SSAO inhibitors suppress hepatocellular tumor growth in mice.

机构信息

The Key Lab of Molecular Biology for High Cancer Incidence Coastal Chaoshan Area, Shantou University Medical College, Shantou 515041, Guangdong, China.

出版信息

Cell Immunol. 2013 May-Jun;283(1-2):61-9. doi: 10.1016/j.cellimm.2013.06.005. Epub 2013 Jun 24.

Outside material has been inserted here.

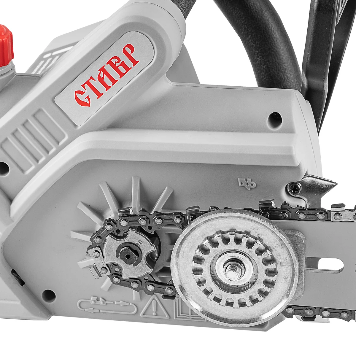 - СИСТЕМА БЫСТРОЙ ОСТАНОВКИ ЦЕПИ: Останавливает цепь за 0,12 с при касании рычага тормоза.
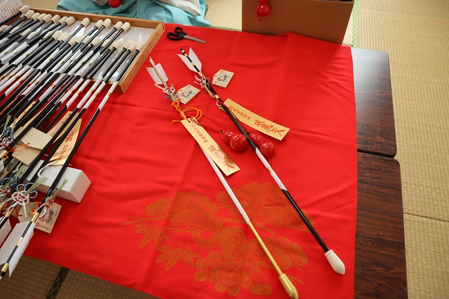 授与された破魔矢は「神棚や床の間など、お祭りするのにふさわしいところに置いてください」とは神職の柴田昌閲さん。立てかけても横にしていてもよいそうです。

DOI:10.1016/j.cellimm.2013.06.005
PMID:23850964
Abstract

Vascular adhesion protein-1 (VAP-1) is both an endothelial adhesion molecule involved in leukocytes emigration, and an oxidase belonging to the family of semicarbazide-sensitive amine oxidases (SSAOs). The enzyme activity of VAP-1 plays an important role in the migration of myeloid-derived suppressor cells (MDSCs) into tumor site, and SSAO inhibitors can block the function of VAP-1. The effects of SSAO inhibitors on leukocyte infiltration and tumor progression were evaluated in H22 hepatocellular carcinoma-bearing C57BL/6 mice. Tumor weight and volume were measured after SSAO inhibitor treatment. Then, MDSCs recruitment and neo-angiogenesis were determined using immunostaining. SSAO inhibitors significantly blocked the catalytic activity of VAP-1 in tumor, attenuated tumor progression, and reduced neo-angiogenesis. CD11b(+) and Gr-1(+) MDSCs, which normally infiltrate into tumors, were significantly diminished in tumor-bearing mice treated with SSAO inhibitors. The present study demonstrated that SSAO inhibitors might have an anti-tumor effect on hepatocellular carcinoma by inhibiting recruitment of CD11b(+) and Gr-1(+) cells and hindering angiogenesis, which could be attributed to impairing the catalytic activity of VAP-1.

摘要

血管黏附蛋白-1(VAP-1)既是一种参与白细胞迁移的内皮黏附分子,也是一种属于氨基脲敏感胺氧化酶(SSAO)家族的氧化酶。VAP-1 的酶活性在髓系来源抑制细胞(MDSCs)向肿瘤部位迁移中发挥重要作用,SSAO 抑制剂可以阻断 VAP-1 的功能。本研究在 H22 肝癌荷瘤 C57BL/6 小鼠中评估了 SSAO 抑制剂对白细胞浸润和肿瘤进展的影响。在 SSAO 抑制剂处理后测量肿瘤重量和体积。然后,使用免疫染色法测定 MDSCs 募集和新生血管形成。SSAO 抑制剂显著抑制了肿瘤中 VAP-1 的催化活性,减弱了肿瘤进展,并减少了新生血管形成。在接受 SSAO 抑制剂治疗的荷瘤小鼠中,正常浸润肿瘤的 CD11b(+)和 Gr-1(+) MDSCs 明显减少。本研究表明,SSAO 抑制剂可能通过抑制 CD11b(+)和 Gr-1(+)细胞的募集和抑制血管生成来发挥对肝癌的抗肿瘤作用,这可能归因于削弱了 VAP-1 的催化活性。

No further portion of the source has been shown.